§ Exercise requirements: Please, starting at the line that contains "We utilize a", reproduce every line exactly until the records run out, skipping all pictures.

[[ Working data, beginning ]]

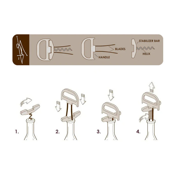 - With BLADES on either side of STABILIZER BAR, insert first the “long” then the “short” BLADE between the cork and bottle.
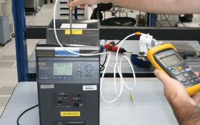 We utilize a number of different processes to perform temperature calibration on a wide range of instruments both in our lab and on the field. Digital recorder and thermometer calibration takes place on a Fluke multi-process calibrator.
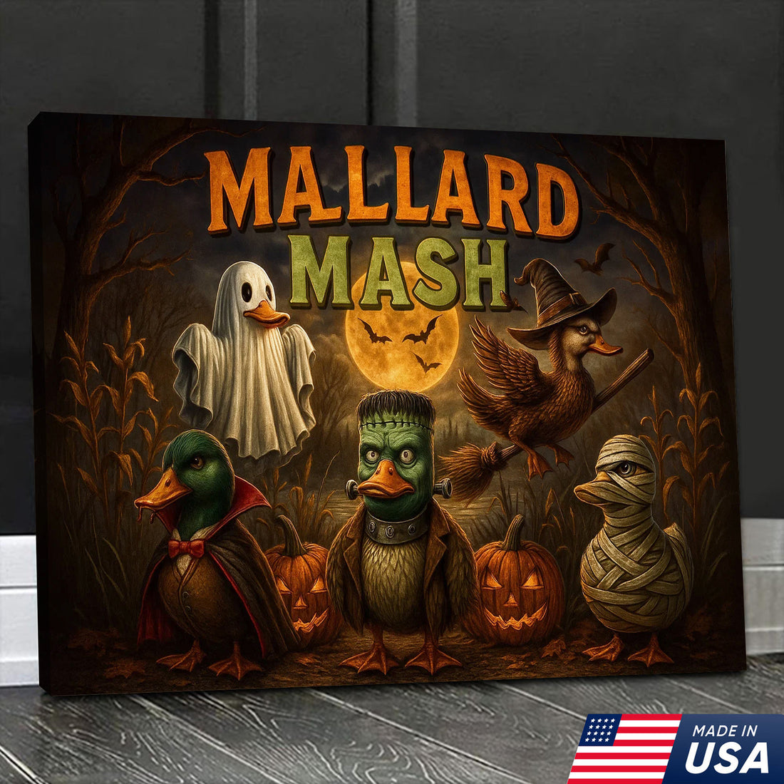 Mallard Mash Halloween Canvas Wall Art β Funny Ducks in Costumes with Pumpkins and Full Moon Decor
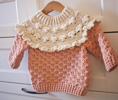 Charlotte Sweater is worked top down with a very textured yoke. It’s completely seamless. The ruffle is added later and can be also skipped. The sweater can be worked in one color too. It works up very quickly.
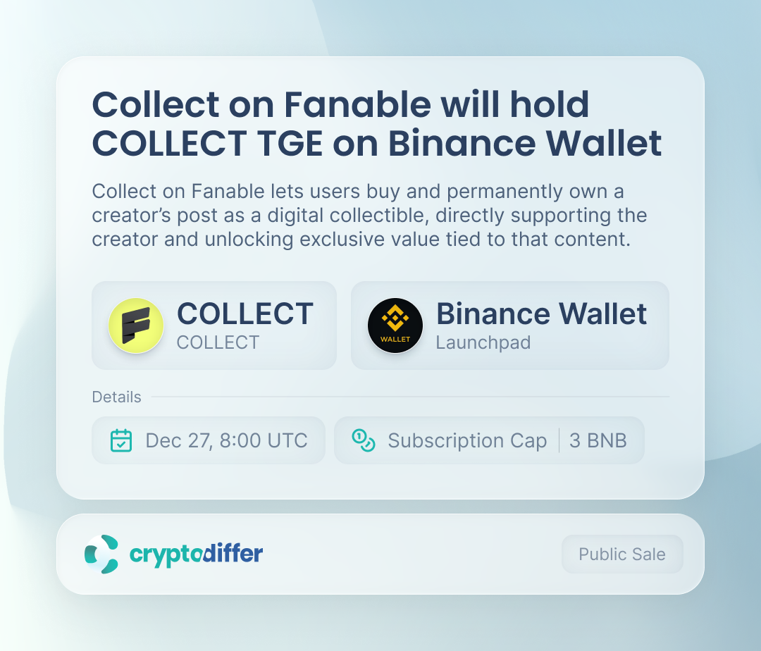 Collect on Fanable (COLLECT) will hold its TGE on Binance Wallet
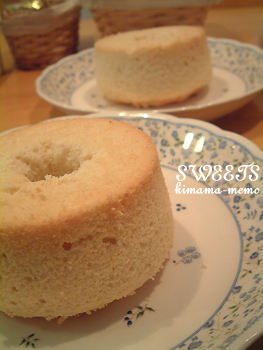 桜シフォンを10cmサイズの型で焼いたものを2つ。

[[ Working data, end ]]

§ Task result:
 We utilize a number of different processes to perform temperature calibration on a wide range of instruments both in our lab and on the field. Digital recorder and thermometer calibration takes place on a Fluke multi-process calibrator.
 Mallard Mash Halloween Canvas Wall Art β Funny Ducks in Costumes with Pumpkins and Full Moon Decor
 Charlotte Sweater is worked top down with a very textured yoke. It’s completely seamless. The ruffle is added later and can be also skipped. The sweater can be worked in one color too. It works up very quickly.
 Collect on Fanable (COLLECT) will hold its TGE on Binance Wallet
 桜シフォンを10cmサイズの型で焼いたものを2つ。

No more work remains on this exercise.